Even the information given in the ETBD books can be wrong. Facts sometimes change between the research and publication of the books. Look for new info on the books in this website. Be prepared to get correct info after arrival in Europe. Ask at the airport or train station. When possible, I find a website specific for a transportation system and use their info as "gospel." All the airports I've used have a website with copious info regarding getting to and departing the airport. A generality such as "it only takes 30 minutes to go from A to B," can be misleading. Frequency of buses/trains/planes has a lot to do with how long it takes and the "30 minutes" doesn't include time getting to a station, buying tickets, waiting for the bus/train/plane and finding the correct track or gate, etc. One example is taking the Heathrow Connect into London. "It only takes 30 minutes." It's best to allow at least an hour to find the ticket booth or dispensing machine, buy the ticket, take elevator and walk to the correct track, wait for the Connect train.

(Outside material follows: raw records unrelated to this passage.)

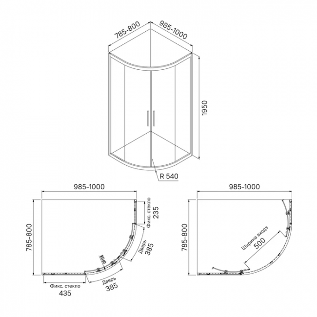 Душевое ограждение для ванной комнаты Zodiac асимметричной округлой формы с регулируемым размером 985-1000х785-800х1950 мм, что позволяет сгладить неровности стен до 15 мм. - Алюминиевый глянцевый профиль обеспечивает стабильность и надежность всей конструкции. - Прозрачное закаленное стекло толщиной 6 мм выдерживает случайные удары, что делает перегородку надежной и безопасной в каждодневном использовании. - Благодаря водоотталкивающему покрытию вода не задерживается на стеклах ограждения, что исключает образование известкового налета и упрощает уход. - За счет надежных двойных роликов сверху и снизу дверки двигаются плавно и бесшумно в течение всего срока службы. - Дверки ограждения легко снимаются и устанавливаются обратно для упрощения процесса уборки – для этого надо нажать на кнопку на нижнем ролике, снять его и затем аккуратно снять дверку. - Удобная ручка из сплава металлов. - Гарантия на душевые ограждения IDDIS® — 2 года, чтобы вы были уверены в их надежности и высоком качестве.
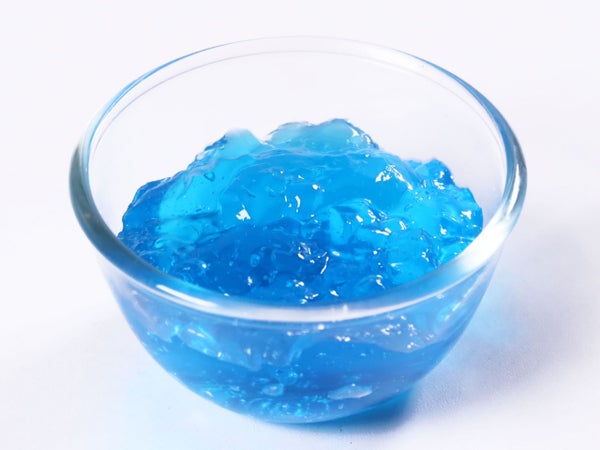 キラキラでカラフルなクラッシュゼリー。フォトジェニックなドリンクやデザートを作れます。パイナップル果汁を使い、ブルーハワイをイメージしました。
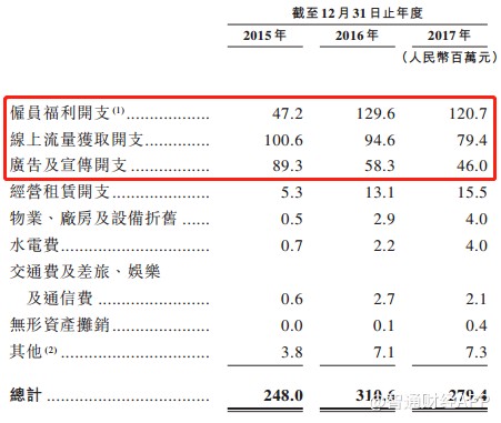 土巴兔的銷售人員開支從2015年的4720萬元大幅增至2016年的1.29億元,并在2017年維持1.2億元左右高位。不過隨著公司規(guī)?;\(yùn)營的展開,公司線上買量開支卻從1億元降至7940萬元。
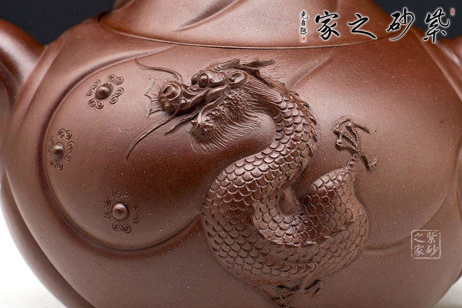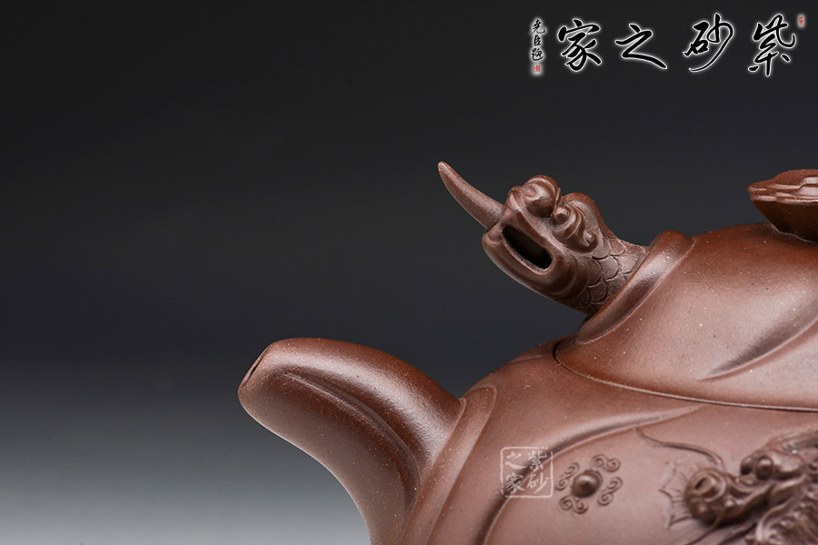 該壺設(shè)計巧思,造型華美大方,刻畫精細而不繁瑣,塊面清晰簡潔,線條流暢明快,沉靜中透出活潑,有祥瑞之氣溢出,令人嘆為觀止。

THEN it takes about 30 minutes. Inexperienced travelers often are unrealistic about travel times because they get only part of the truth.
re: Italo AND validation I traveled between Rome and Naples round trip in October, having bought the ticket at the Tiburtina stazione in Rome. That train was high speed. The "ticket" was an 8 1/2 X 11 sheet of paper that bore the train number, time of departure and arrival, coach number and seat number, and my name. Perhaps because my trip was set for a specific day and time and I had seat assignment, I did not have to validate. Rather, an official walked through the train and used a device to "read" the ticket. My experience with Italo was exceptional; I even benefited from Italo's introductory fare of about E45 each way. Staff is utter professional. The train leaves and arrives on time. Each coach is immaculate. My opinion of Italo is not intended to fault Trenitalia, since I have not traveled its high speed service.
ItaloTreno tickets are time/date/seat-specific and don't need to be validated.